白烟散去,一个古朴的黑陶酒坛和两只粗糙的陶碗出现在两人中间。

酒坛的封泥还没拍开,一股陈年的酒香就已经隐隐透了出来。

斑的鼻子动了动,那双原本已经快要涣散的眼睛里,突然闪过一丝异样的神采。

他费力地转过头,看着那个酒坛,眼神有些发直。

“这是……”

“眼熟吗?前辈。”

团藏拍开封泥,清冽的酒液倾倒在陶碗中,发出悦耳的声响。

“这是前些日子我去千手族地探望水户大人时,她送给我的。说是当年木叶刚建村的时候,您和柱间大人亲手埋在那棵老樟树下的。”

斑愣住了。

他的目光死死地盯着那一碗酒,仿佛透过了那晃动的液面,看到了那个遥远的下午。

那时候的他们,还年轻,还意气风发。

那时候的木叶,还没有那么多的阴谋与算计。

那个留着西瓜头的蠢货,搂着他的肩膀,指着那棵树说。

“斑!等村子安定了,我们就在这树下喝酒!不醉不归!”

“呵呵……水户那个女人……”

斑发出了一声低笑,颤颤巍巍地伸出那只已经炭化的手,端起了面前的酒碗。

团藏也端起碗,轻轻碰了碰斑的碗沿。

斑仰起头,将那一碗烈酒一饮而尽。

辛辣的液体顺着喉咙流下,如同一团火在胃里炸开,让他那冰冷的身体稍微有了一丝暖意。

“哈……”

斑放下空碗,长长地吐出一口酒气。

他沉默了良久,看着那琉璃般的大地,眼神有些恍惚。

“味道……不对了。”

斑摇了摇头,语气中带着一丝无法掩饰的落寞,“没有当年的味道了。也许是酒变了,也许……是喝酒的人变了。”

“时间是流动的河,人不能两次踏进同一条河流。”

团藏又给斑满上了一碗,脸上的笑容如春日暖阳般和煦。

“味道变了不要紧,重要的是喝酒的心情。前辈,您现在觉得,这木叶的酒,还辣口吗?”

斑侧过头,那只浑浊的眼睛深深地看着身旁这个年轻人。

年轻,强大,心思深沉却又总是挂着一副让人讨厌不起来的笑脸。

如果是扉间那个家伙在这里,一定会趁机补刀,或者发表一番胜利者的感言。

但这个叫团藏的小鬼……

他在陪一个将死之人喝酒。

“你没有什么想和我说的吗?”斑突然问道,语气中带着一丝考究,“作为胜利者,你可以嘲笑我,可以质问我,甚至可以把我的尸体带回去当做战利品炫耀。这可是你的特权。”
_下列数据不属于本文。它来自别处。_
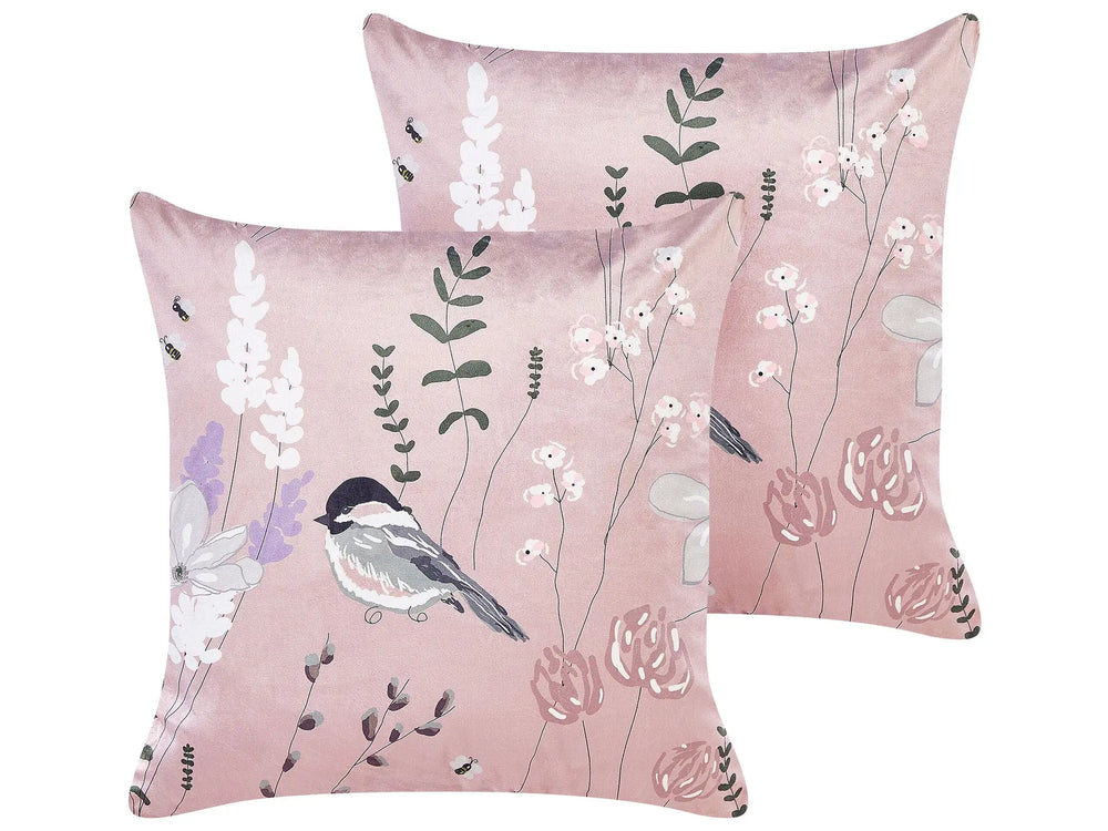Set of 2 Pink Decorative Pillows Polyester 45 x 45 cm Flower Animal Pattern Modern Traditional Living Room Bedroom Cushions Beliani
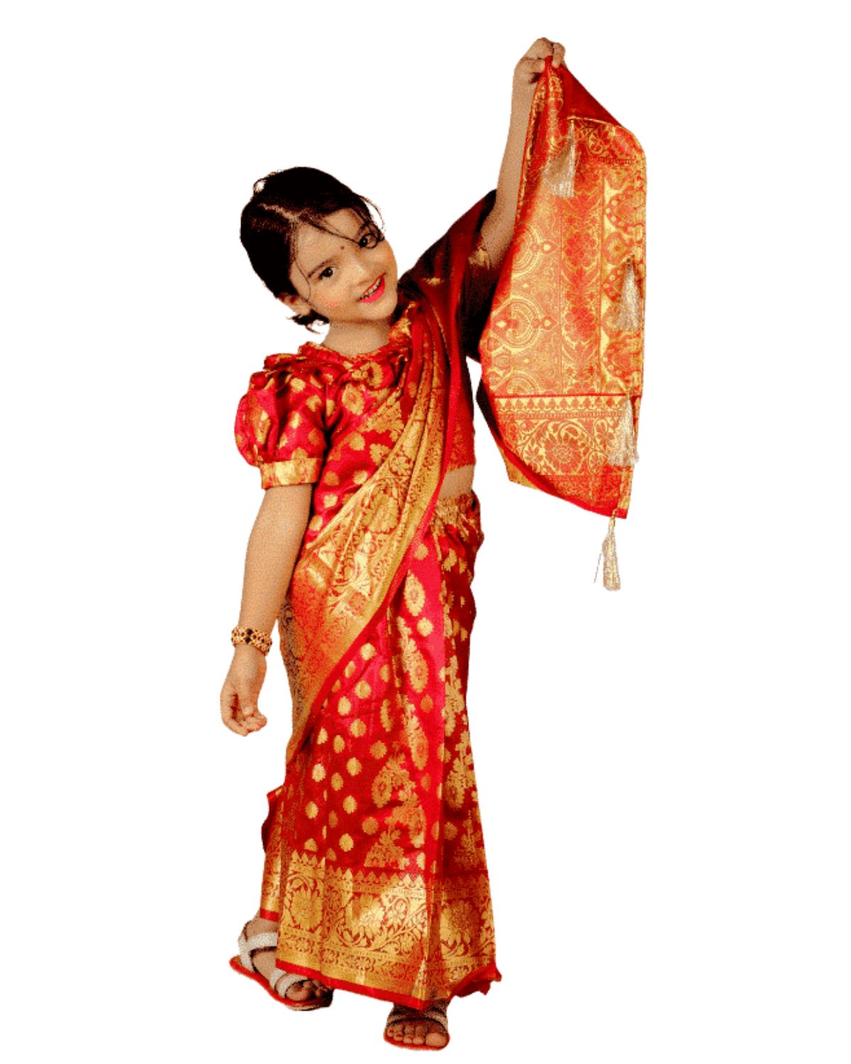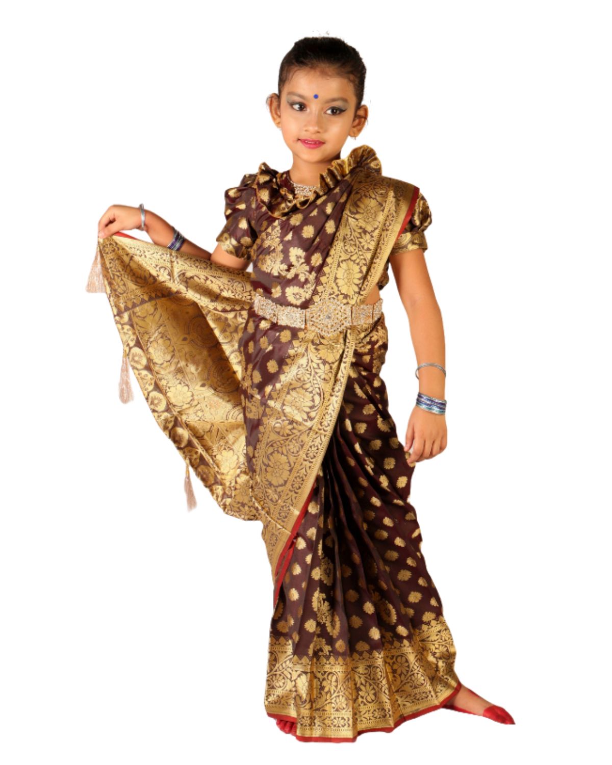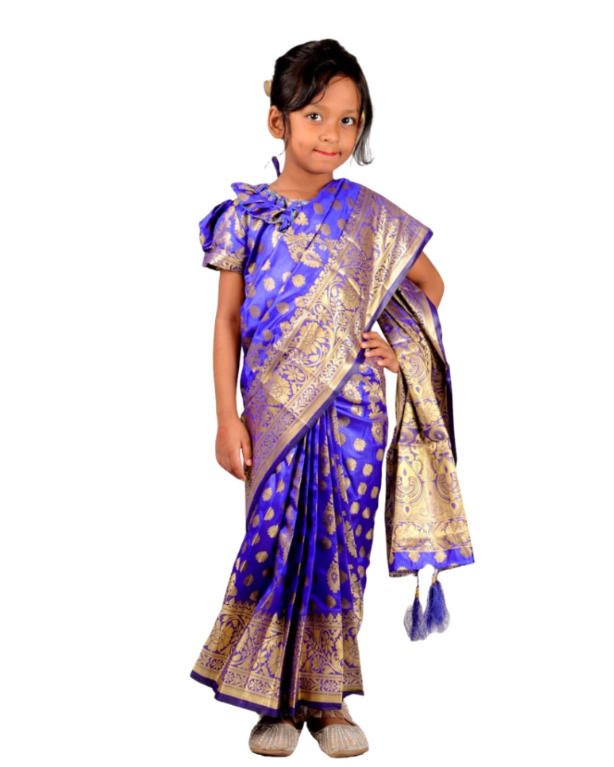 👗 শাড়ির কুচি সেলাই করে ফিক্সড করা এবং কোমরে ফিতা দেওয়া। খুলে যাওয়ার কোন ভয় নেই আর শাড়ির ইনার অনেক উন্নত মানের ভয়েল ফেব্রিক দেয়া আছে তাই বাচ্চাদের জন্যে হবে খুব আরামদায়ক।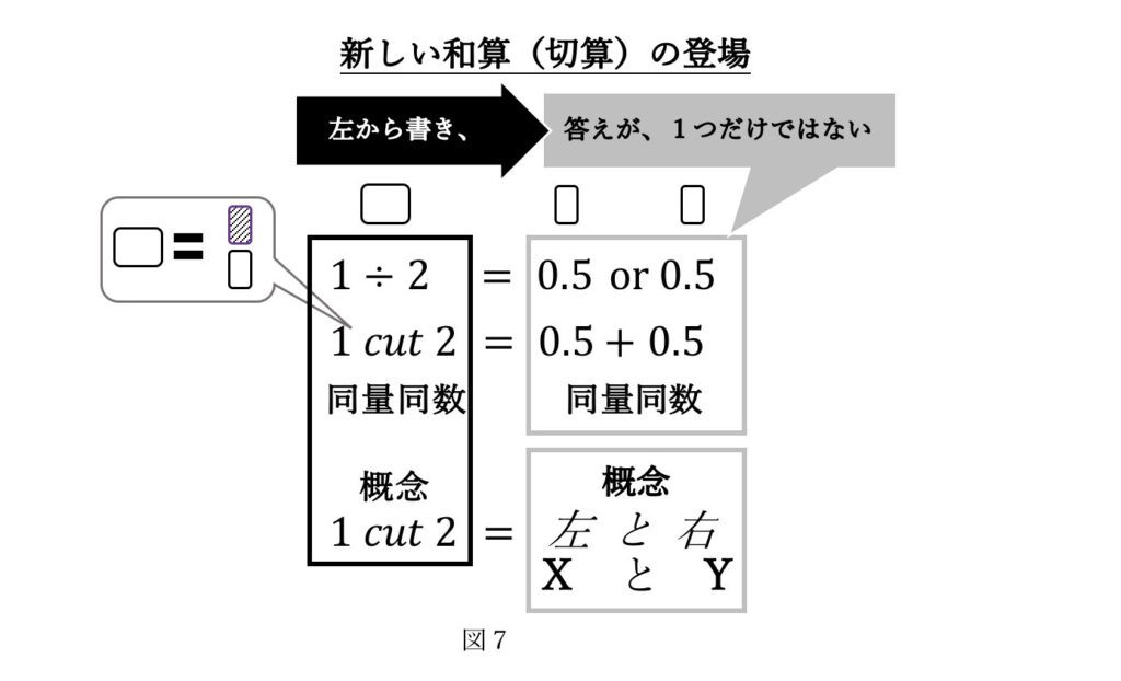 すると、図6のような割り算(÷)の盲点、観察視座の違いによる違和感を図7のような機能を獲得する分割算術を切算( )とした算術を発明することで単純化できた。切算( )では、cutや の記号を使い、量、概念双方を矛盾なく扱える利便性を確保した。これで、概念を数式に導入で来たので、哲学テーマを記述する基本ツールとし、概念を意識で操作する答えを出力するので、「識」を出すと日本語では表現する。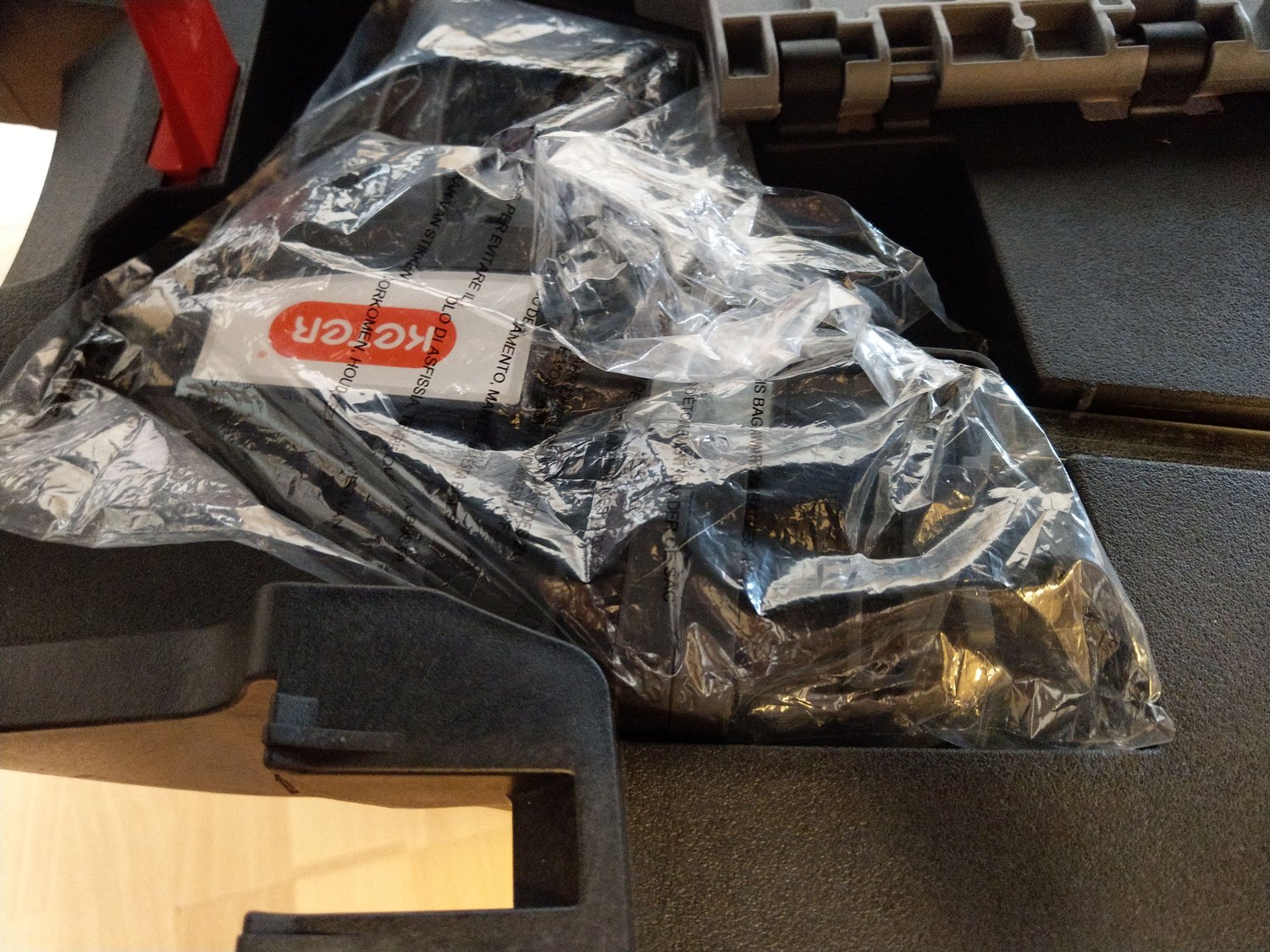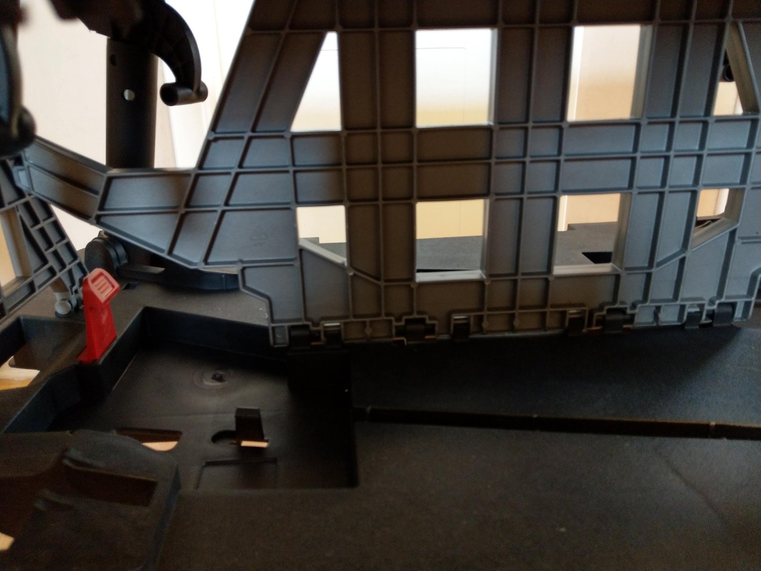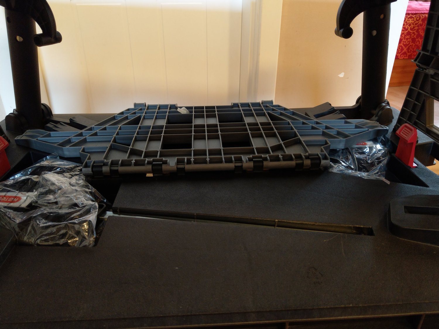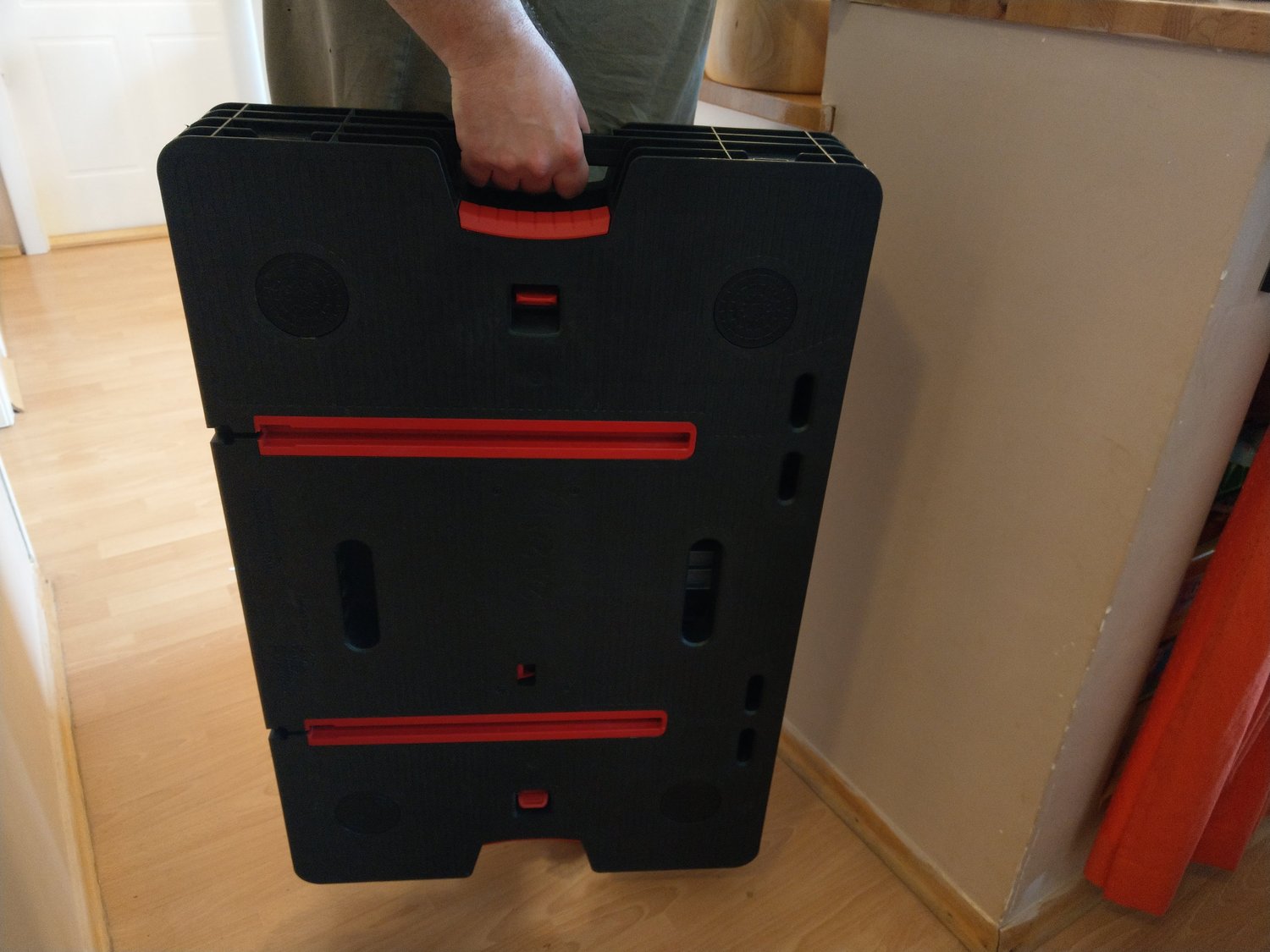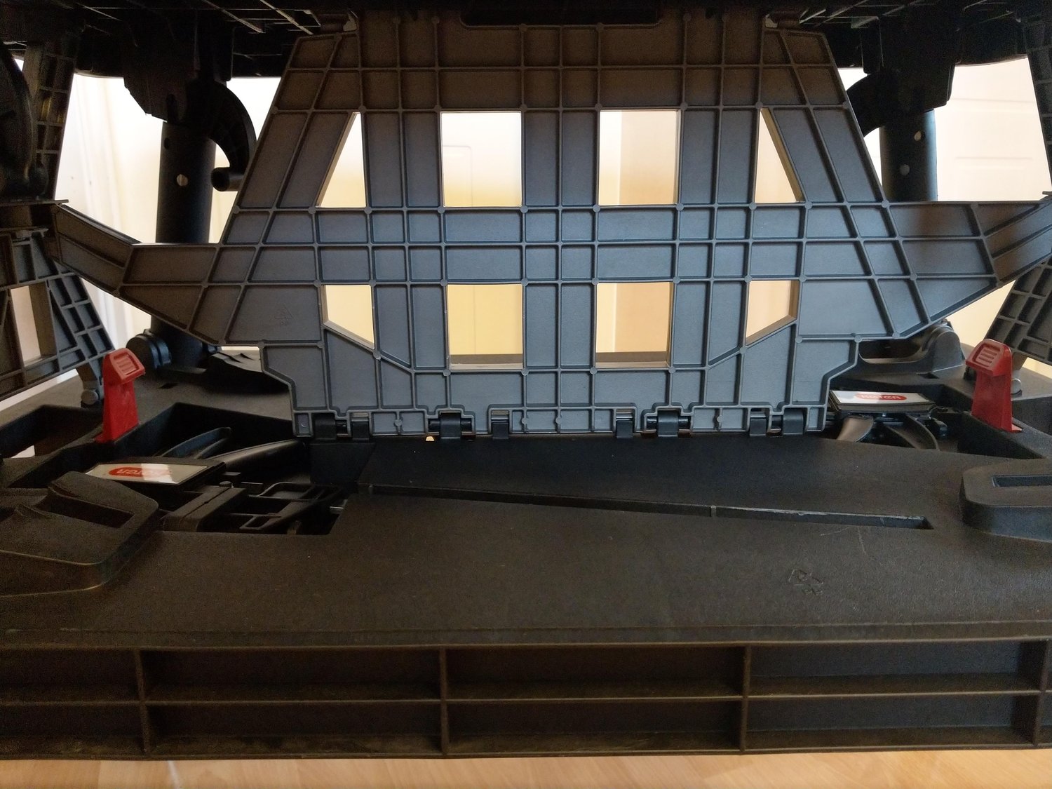 A gondosan becsomagolt KETER munkaasztalt futár hozta. A külső műanyag csomagolóanyag lebontása után farkasszemet nézhettünk a termékkel. Összecsukott állapotban 856 x 565 x 115 mm. Egy túlságosan nagyra nőtt műanyag aktatáskára emlékeztet, mert vihetjük úgyis a fülénél fogva, mint egy táskát.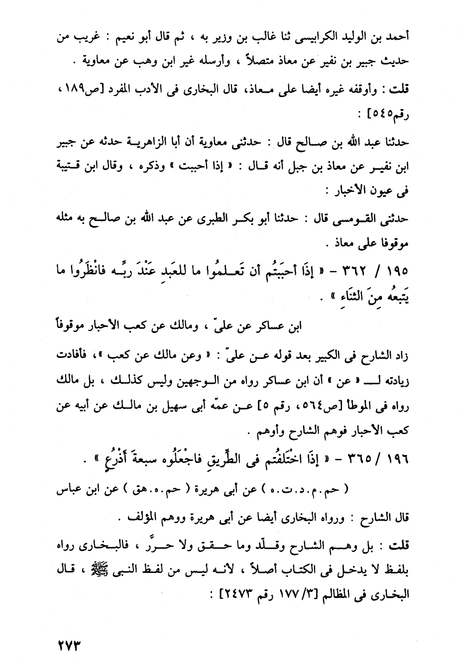 قلت: وأوقفه غيره أيضا على معاذ، قال البخارى في الأدب المفرد [ص 189، رقم 545]:

“你甚至不好奇为什么我还活着,又为什么要袭击木叶。”

团藏端着酒杯的手微微一顿。

他转头看向斑,脸上的表情真诚得让人挑不出一丝毛病。

“没有呢。”

团藏摇了摇头,轻抿了一口酒。

“呵……”

斑笑了。

这一次,他是真的笑了。

那种发自内心的、畅快的笑意,让他那张可怖的脸看起来竟然多了几分慈祥。

“真是个……奇怪的小鬼。比柱间还要奇怪。”

斑颤抖着手,伸进自己那残破的怀里。

摸索了片刻后,他掏出了一个只有巴掌大小的卷轴,随手丢给了团藏。

团藏接过卷轴,并没有急着打开,而是用一种询问的眼神看着斑。

“打开看看。”斑淡淡地说道。

团藏依言解开封印。

只见卷轴的中心,竟然是一个装满了特殊营养液的透明玻璃罐。

而在那碧绿色的液体中,漂浮着一双眼睛。

那不是写轮眼。

而是一双布满了紫色波纹、散发着令人心悸瞳力的——轮回眼!

团藏的瞳孔微微收缩。

虽然他早就知道剧情,虽然他一直在谋划这东西,但当这就这么轻易地被斑像丢**一样丢过来时,那种真实感还是让他有些意外。

“这个……就当做是胜利者的奖品吧。”

斑的声音越来越低,他的气息正在飞速衰败,“这是我在晚年才开启的眼睛……本来是留着给未来的我用的。但是现在……”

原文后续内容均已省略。